- **Exercise brief**
Nothing but the lines below from the one with "Seller's Notes:White Room" through the one with "Old aesthetic styles" should be output, each exactly as given, and no pictures.

- **Data under study**
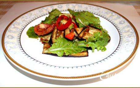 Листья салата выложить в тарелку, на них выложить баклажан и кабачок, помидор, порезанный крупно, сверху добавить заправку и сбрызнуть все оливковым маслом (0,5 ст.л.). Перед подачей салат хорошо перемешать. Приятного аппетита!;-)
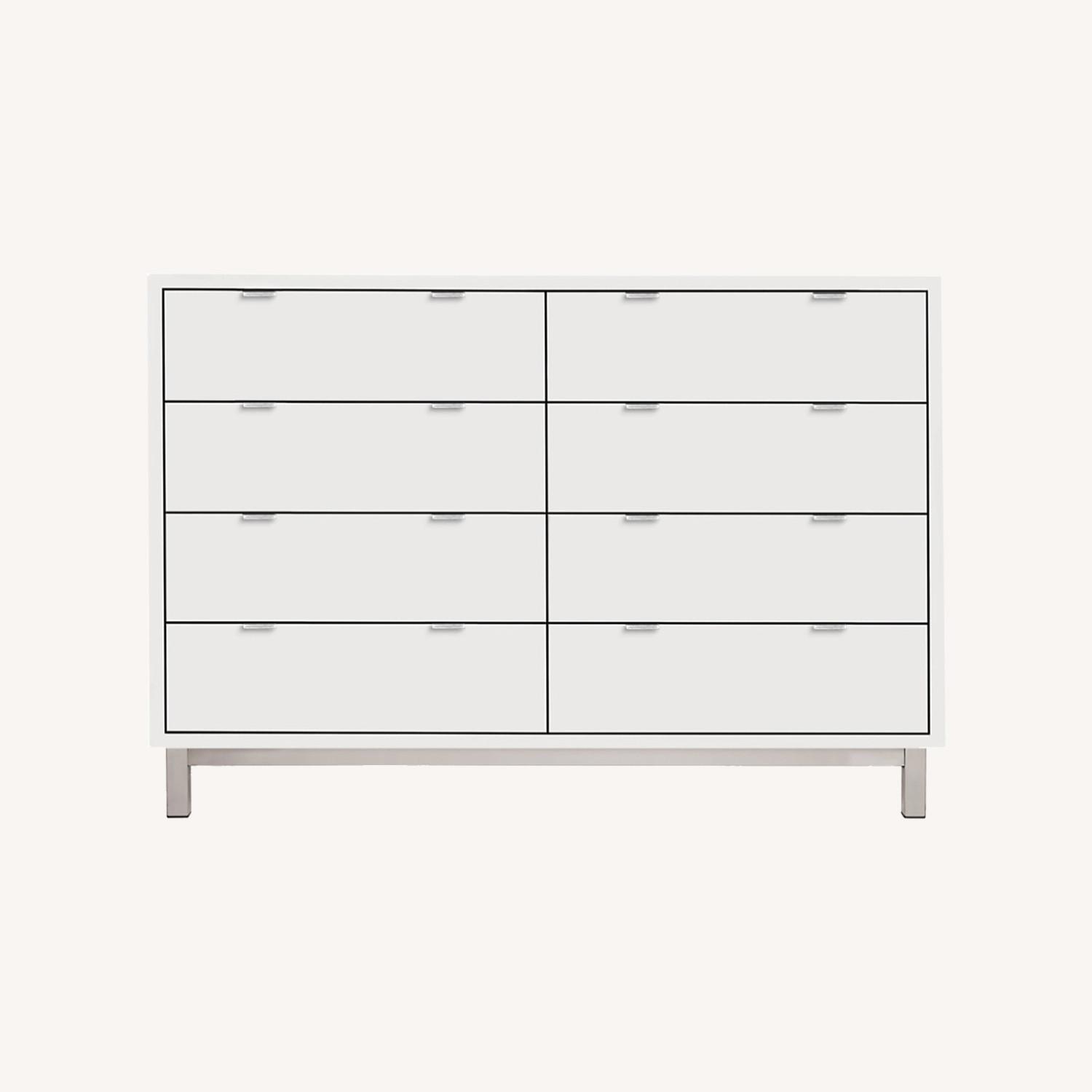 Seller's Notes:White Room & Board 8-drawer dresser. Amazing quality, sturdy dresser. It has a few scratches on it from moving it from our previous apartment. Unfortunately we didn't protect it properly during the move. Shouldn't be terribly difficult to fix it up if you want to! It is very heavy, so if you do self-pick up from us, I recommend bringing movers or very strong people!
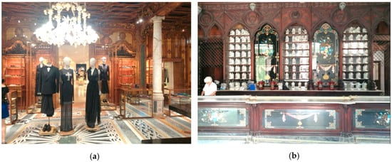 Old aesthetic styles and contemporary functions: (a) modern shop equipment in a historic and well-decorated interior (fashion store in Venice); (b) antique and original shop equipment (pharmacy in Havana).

==

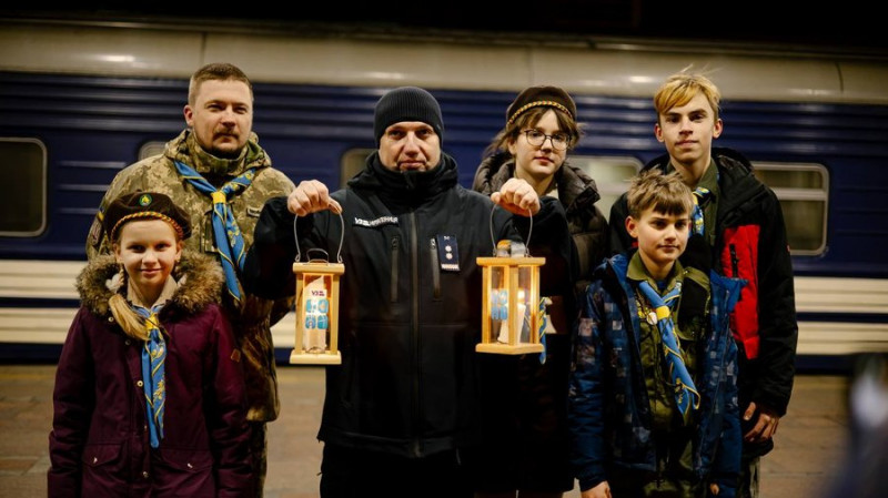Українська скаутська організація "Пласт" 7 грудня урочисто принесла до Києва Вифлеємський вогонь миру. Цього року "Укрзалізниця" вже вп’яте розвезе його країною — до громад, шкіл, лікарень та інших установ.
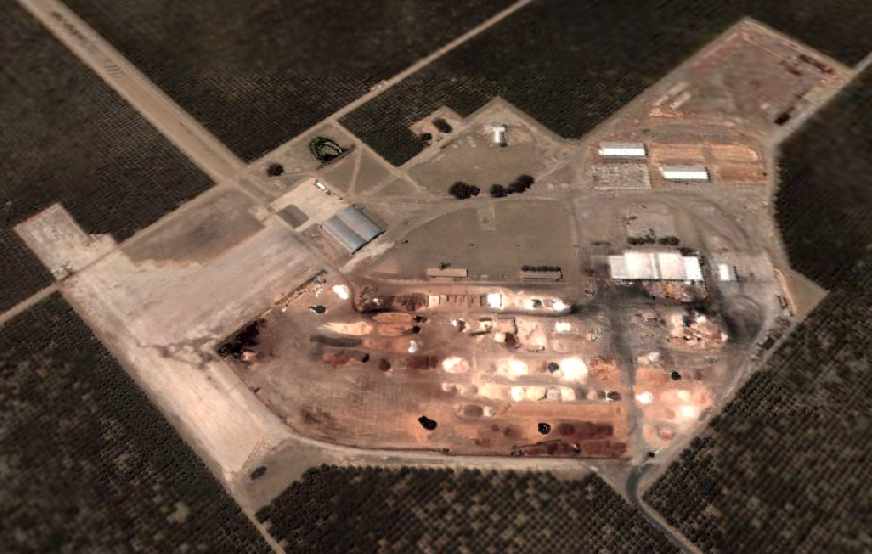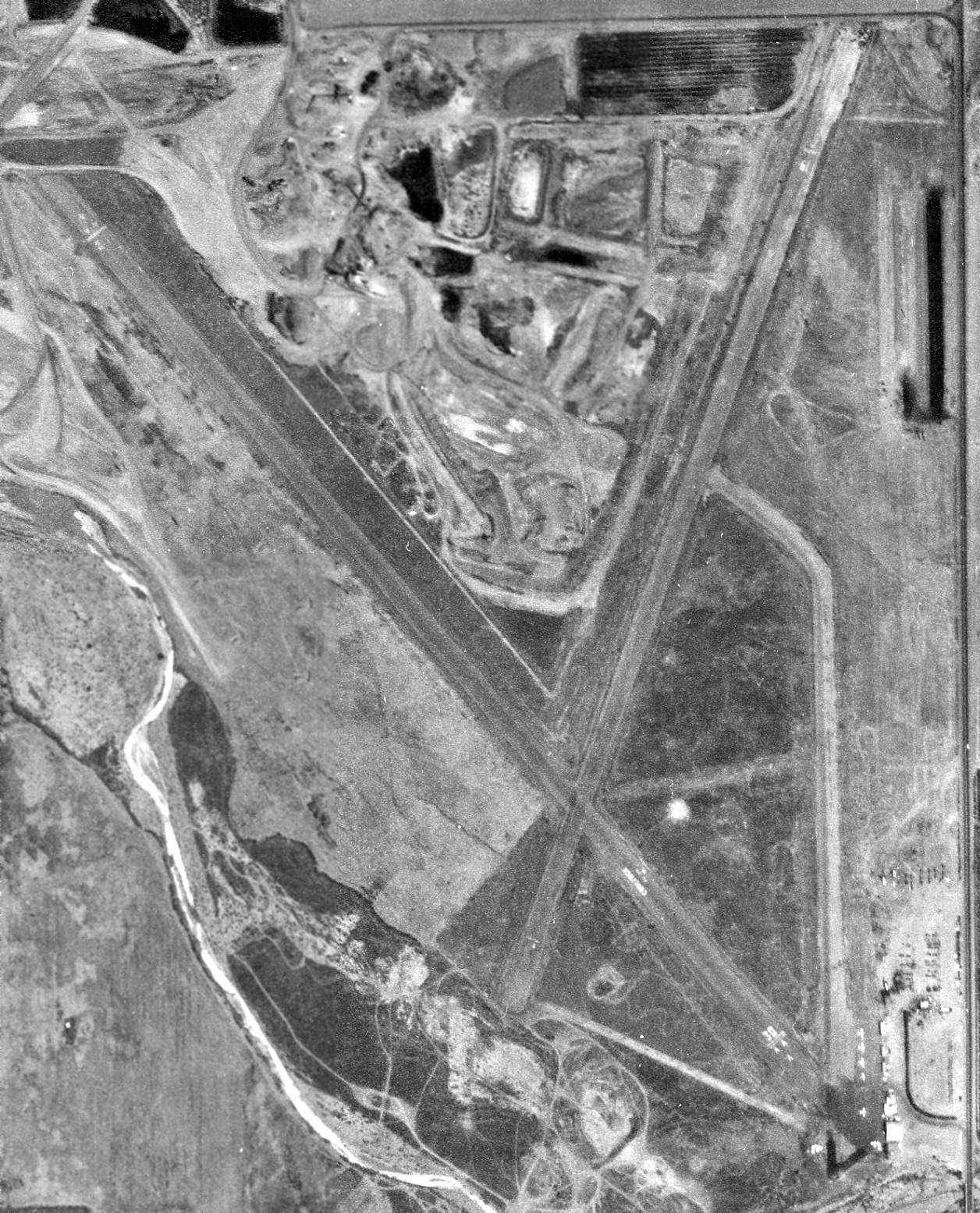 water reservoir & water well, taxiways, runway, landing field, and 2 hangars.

- **Answer to this problem**
 Seller's Notes:White Room & Board 8-drawer dresser. Amazing quality, sturdy dresser. It has a few scratches on it from moving it from our previous apartment. Unfortunately we didn't protect it properly during the move. Shouldn't be terribly difficult to fix it up if you want to! It is very heavy, so if you do self-pick up from us, I recommend bringing movers or very strong people!
 Old aesthetic styles and contemporary functions: (a) modern shop equipment in a historic and well-decorated interior (fashion store in Venice); (b) antique and original shop equipment (pharmacy in Havana).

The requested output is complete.